Scott. Thanks very much. Your post was very helpful.


----------



## timingram (Apr 6, 2006)

I am thinking about buying a machine can you tell me a good place to get rhinestones? I know it is best to buy Korean Stones but do you have a good supplier?


----------



## reelgator (Sep 16, 2009)

rhinestonetransf said:


> We have both the Cam and the Libero Endless. The Libero endless will run unattended for about 8 hours a night - That helps with large jobs. The cam is sheet feed so on small jobs that is good. The Cam takes more employee time than the libero but the cam is also faster. The speed they rate the cam at is best case - I would figure about 140 stones a minute not the 170 they say. You can get the 170 stones for a minute or two but real world when the machine changes hoppers and figures out it does not have a stone and goes back for one you get the 140 an hour. Cam is easy to learn. Let me know if you have more questions.


Hi Steve, 

If you were going to purchase for a new business which one would you choose? the Libero or the CAMS?. Rob says the libero makes up for the higher price because of the considerable labor savings and faster production time and ease of use. Is that true is it worth the extra cost? what about the software any critical flaws in either, hard to master? I am seriously considering a machine and would really appreciate your insight or any advice you have

Thanks 

fellow Floridian ... Tim


----------



## rhinestonetransf (Feb 11, 2009)

Tim,

Did you look at the production time.
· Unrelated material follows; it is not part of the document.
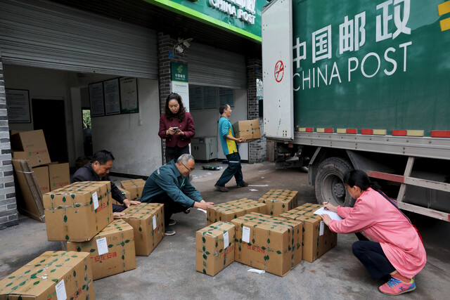 “过去没有这么方便。”李松说,他以前要用泡沫箱把农产品包装好,开车半小时送到华蓥城里去办理托运,然后再通知客户取货。如今村上设立了邮政快递服务站点,周边村民在家门口就能将土特产售卖到全国各地,方便快捷。
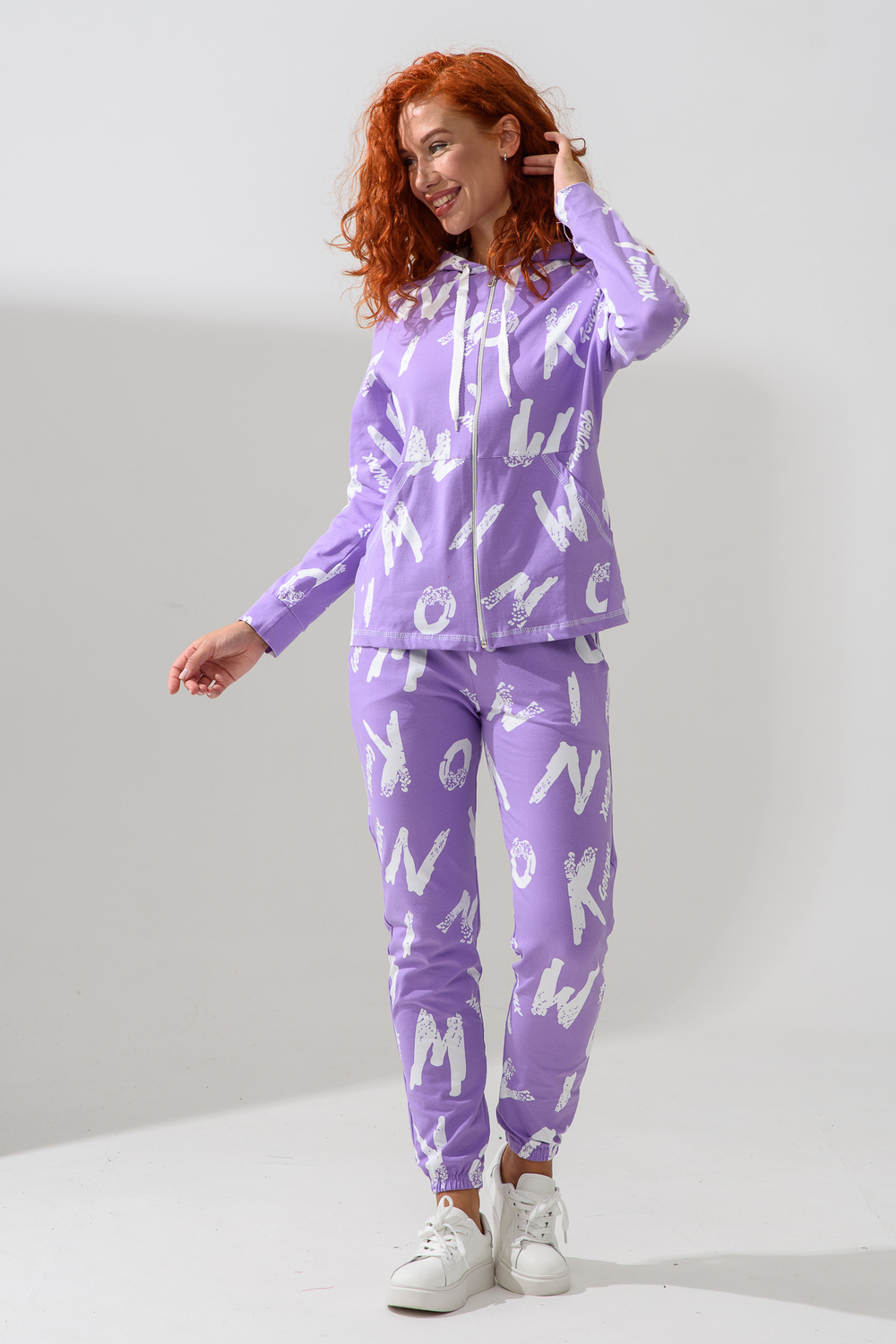 Костюм состоит из толстовки и брюк. Брюки на поясе, с боковыми карманами, на резинке по низу. Толстовка прямая, на молнии, с капюшоном из сетки, с карманами кенгуру, длиной до середины бедра. Рукав реглан, длинный, с лампасами из сетки вдоль рукава, на манжете.

The cams is twice as fast and half the price and does six colors not four. We sold our Libero and will only buy cams - We love GemMaster and you don't have to spend $2,000.00 per computer - you can put it on as many computers as you need. Cam is much easier to learn and if you do a speed test you will see that it is at least two - if not three times as fast. We could neverget the Libero to do over 3,600 stones an hour. the cams is doing 9000 stones an hour. Who are you talking with at SWF? Tim if you are close to lakeland and want to stop by give us a call and we can go over the two machines.


----------



## reelgator (Sep 16, 2009)

Scott,

sorry bout "Steve"  and I was not even drinking ...so I have no good excuse.....I have not actually seen any of them run except on videos. They made it sound that like the Libero endless, because it basically be set up and run all night with no one around is a huge labor savings. being a newbie I have no idea how much time is involved in setting up each new blank plate when a design starts on the CAMS. The 6 colors really appeals to us. And the speed I was told that the advertised speed and the actual speed of the CAMS were significantly different glad to hear that is not true.

is it built solid, with not much problem of repairs and down time? I was lead to understand there were problems.. but sounds like you don't have any

John is the guy at SWF that I have been talking to via email

I am only about 2 hours away I would love to come over some time and take a peek.... much appreaciated for the advice and offer.

Tim


----------



## rhinestonetransf (Feb 11, 2009)

We have only had the cams for six months but have not been down one time and that was for two hours because I didn't have the part. It is a well built machine and has a two year warranty. Give me call any time when you want to stop in.


----------



## reelgator (Sep 16, 2009)

will do ... I'll take a look at my schedule 

Thanks again


----------